A Capela dos Aflitos, de 1775, uma das mais antigas de São Paulo, será finalmente reformada. O bairro da Liberdade, onde ela está localizada ganhará também o Memorial dos Aflitos, que vai contar a história de pessoas negras que viveram e morreram por ali, nos séculos 18 e 19, quando a região foi uma das primeiras moradas de pessoas negras na cidade e abrigou o cemitério dos aflitos, dedicado a negros e indígenas.
As boas notícias foram confirmadas pelo Secretário de Cultura de São Paulo, Totó Parente, na semana passada (9/4), quando visitou a capela e disse que a obra deverá terminar em até um ano. A promessa, que muitos temem não se cumprir, é o compromisso que os movimentos sociais lutavam para que o poder público assumisse, com uma das regiões mais importantes para a memória negra na cidade e que foi por anos escanteada e apagada da história oficial.
A Secretaria Municipal de Cultura e Economia Criativa liberou R$ 1 milhão para à Mitra Arquidiocesana de São Paulo, que administra a capela. A verba também será destinada para requalificação urbanística da Rua dos Aflitos. “A via será transformada em espaço cultural, integrando história, memória e vivência artística no território”, informa o órgão.
A verba anunciada pela prefeitura vai complementar os R$ 2,5 milhões conquistados pela União dos Amigos da Capelas dos Aflitos (Unamca), por meio de edital do Proac, da Secretaria de Cultura, Economia e Indústria Criativas do Governo de São Paulo (SCEIC) e o Ministério da Cultura.

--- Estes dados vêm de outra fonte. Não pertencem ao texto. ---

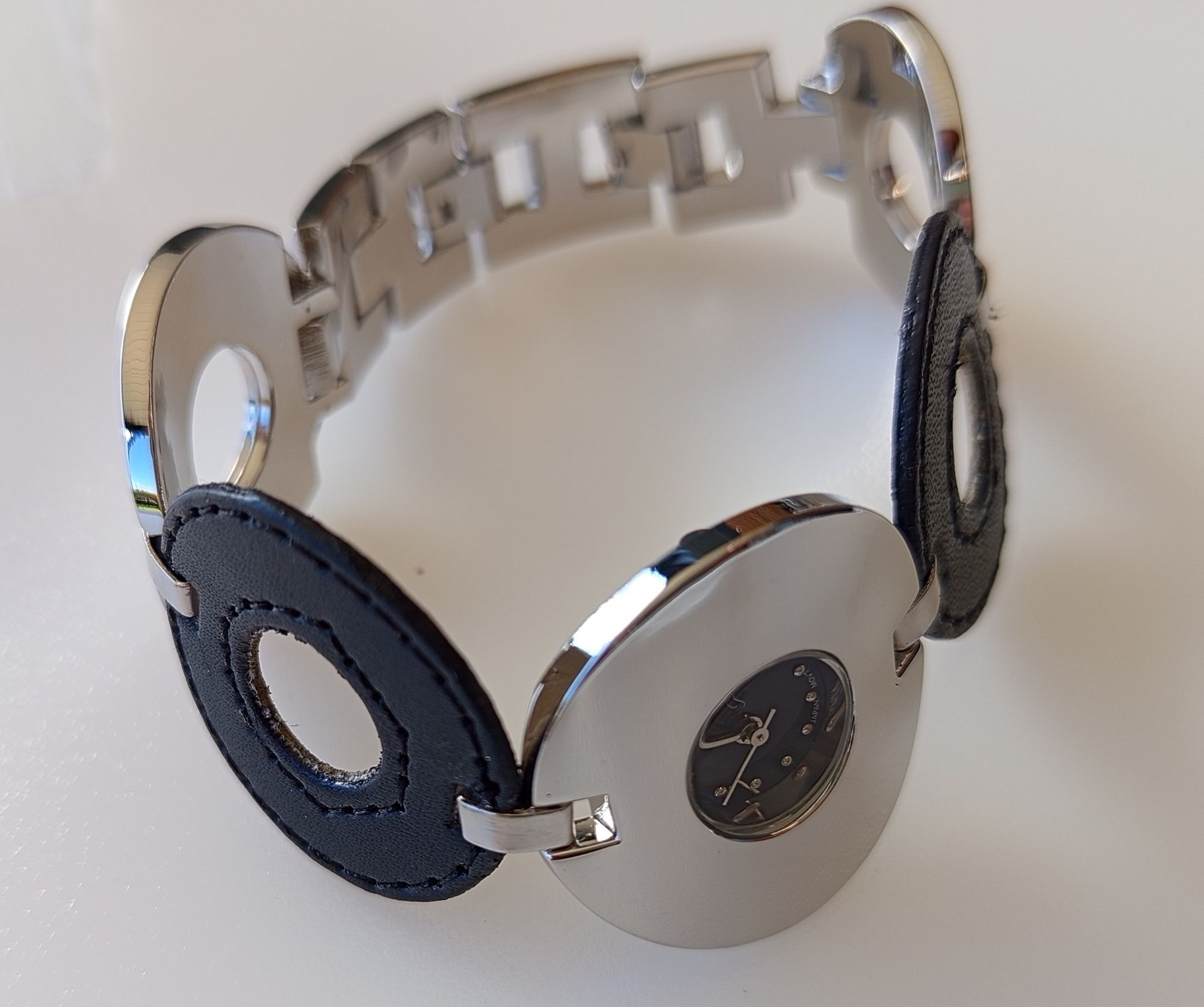 109 Ehemaliger VP in der Schweiz 699 CHF (69,90 CHF/Stück). Sie erhalten 10 Sets. Die Batterien (AG4) sind leer. Die Uhren stammen aus der Sortimentsauflösung der Handelskette Migros Schweiz. Preis ausgezeichnet in CHF. Spezifikationen: Armbanduhr: gelbes Zifferblatt, Edelstahlgehäuse, Armband aus poliertem Metall und beigem Leder. Uhr-Anhänger: weißes Zifferblatt, Edelstahlgehäuse, Anhänger aus beigem Leder mit Nieten, einfaches Befestigen durch Karabinerverschluss. Daten: Armbanduhr Zeitanzeige: Analog, Gehäuse: rostfreier Edelstahl, poliert, Armband: Kombination aus Leder und Metall, Breite: 33 mm, Wasserdicht: Dieses Modell ist spritzwasserfest nach DIN 8310, Design: kreisförmiges Gehäuse und Armband, Größe: 33 mm Radius. Uhr-Anhänger Zeitanzeige: Analog, Gehäuse: rostfreier Edelstahl, poliert, Anhänger: Leder mit Nieten, Wasserdicht: Dieses Modell ist spritzwasserfest nach DIN 8310, Design: herzförmig mit Nieten und Karabinerverschluss, Größe: 60 x 53 mm, goldfarbene Box. Beide Uhren sind mit hochwertigem, ganggenauem Miyota-Quarzwerk ausgestattet.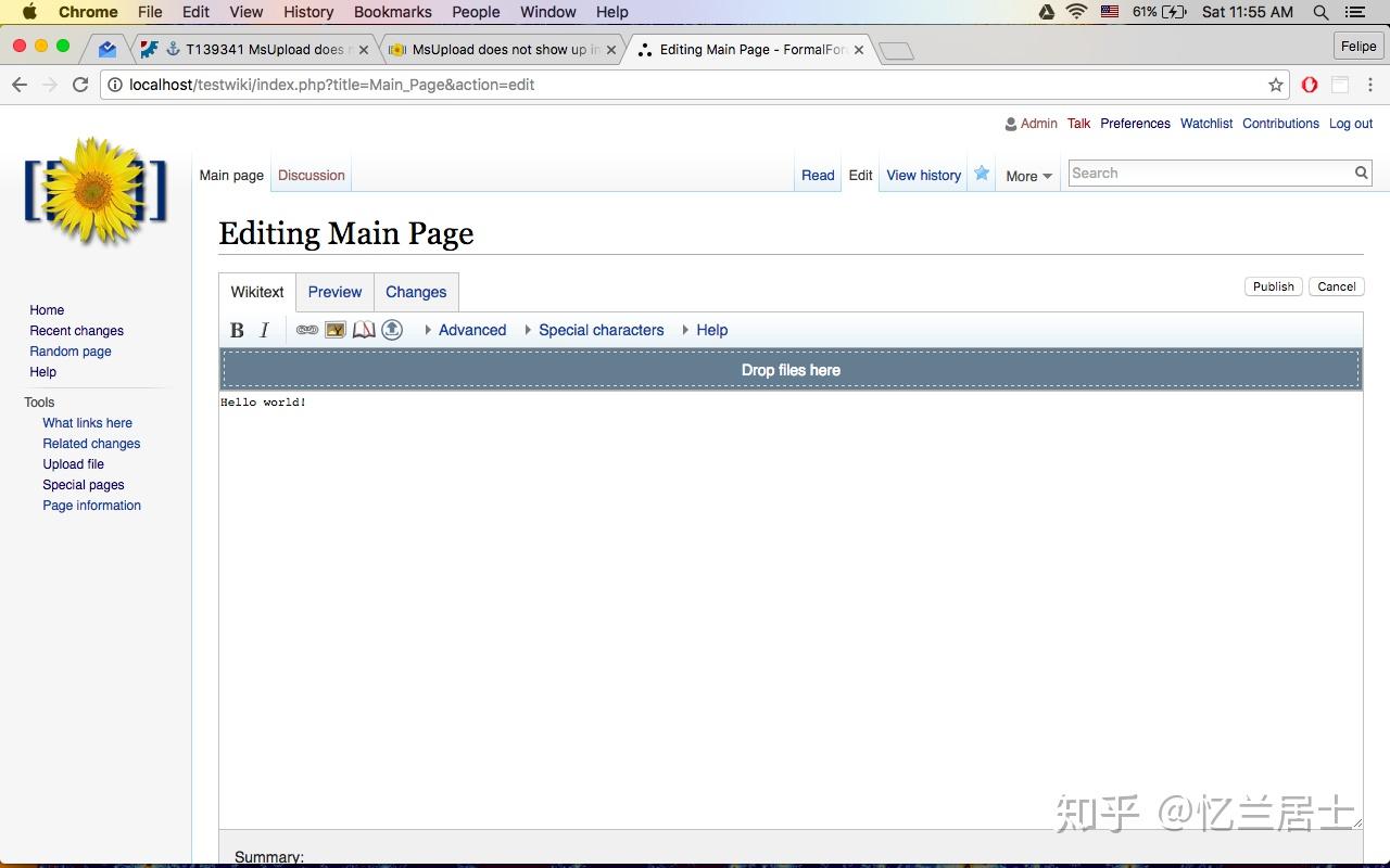 对新手而言绝对是编辑利器,安装颇为麻烦(需要parsoid的支持),后续会开一篇如何安装可视化编辑器的文章。

A estátua de Francisco José Chagas, o Chaguinhas, cabo negro condenado à forca após liderar uma revolta por não receber salários no século 19, que foi prometida em 2023 e deveria ter sido realizada em 2024, não foi mencionada no projeto. Importante lembrar que Chaguinhas resistiu a três tentativas de enforcamento, nas quais a corda arrebentou, e acabou sendo morto a pauladas na frente das pessoas que assistiam à sua execução em 20 de setembro de 1821.
Ele acabou se tornando um santo popular, uma vez que as pessoas vão até a capela pedir milagres, depositando papéis na porta de madeira e batendo três vezes na mesma para alcançar o pedido. O rito se tornou patrimônio imaterial do Estado de São Paulo em 2024, a partir de lei proposta pela deputada estadual Leci Brandão (PCdoB).
A Unamca afirma que recebeu a notícia com “alívio”, pois a grana vai garantir que a capela seja integralmente restaurada. “Foram sete anos de luta para a conquista deste momento histórico para a populações negra e indígenas, bem como para a garantia dos direitos fundamentais à memória e à verdade da escravidão”, afirma Lucas Almeida, integrante da Unamca, responsável pelo edital aprovado. Ele lembra também que o Cemitério dos Aflitos é “um local dos mortos e desaparecidos da escravidão e do tráfico transatlântico”.
Uma memória importante de ser resgatada e que todo mundo que visita o bairro da Liberdade precisa conhecer. Por hoje, comemoramos, mas continuamos vigilantes para que as promessas realmente saíam do papel e retratem de fato a memória e história negra soterrada no bairro que já foi conhecido apenas como japonês. A história negra resiste!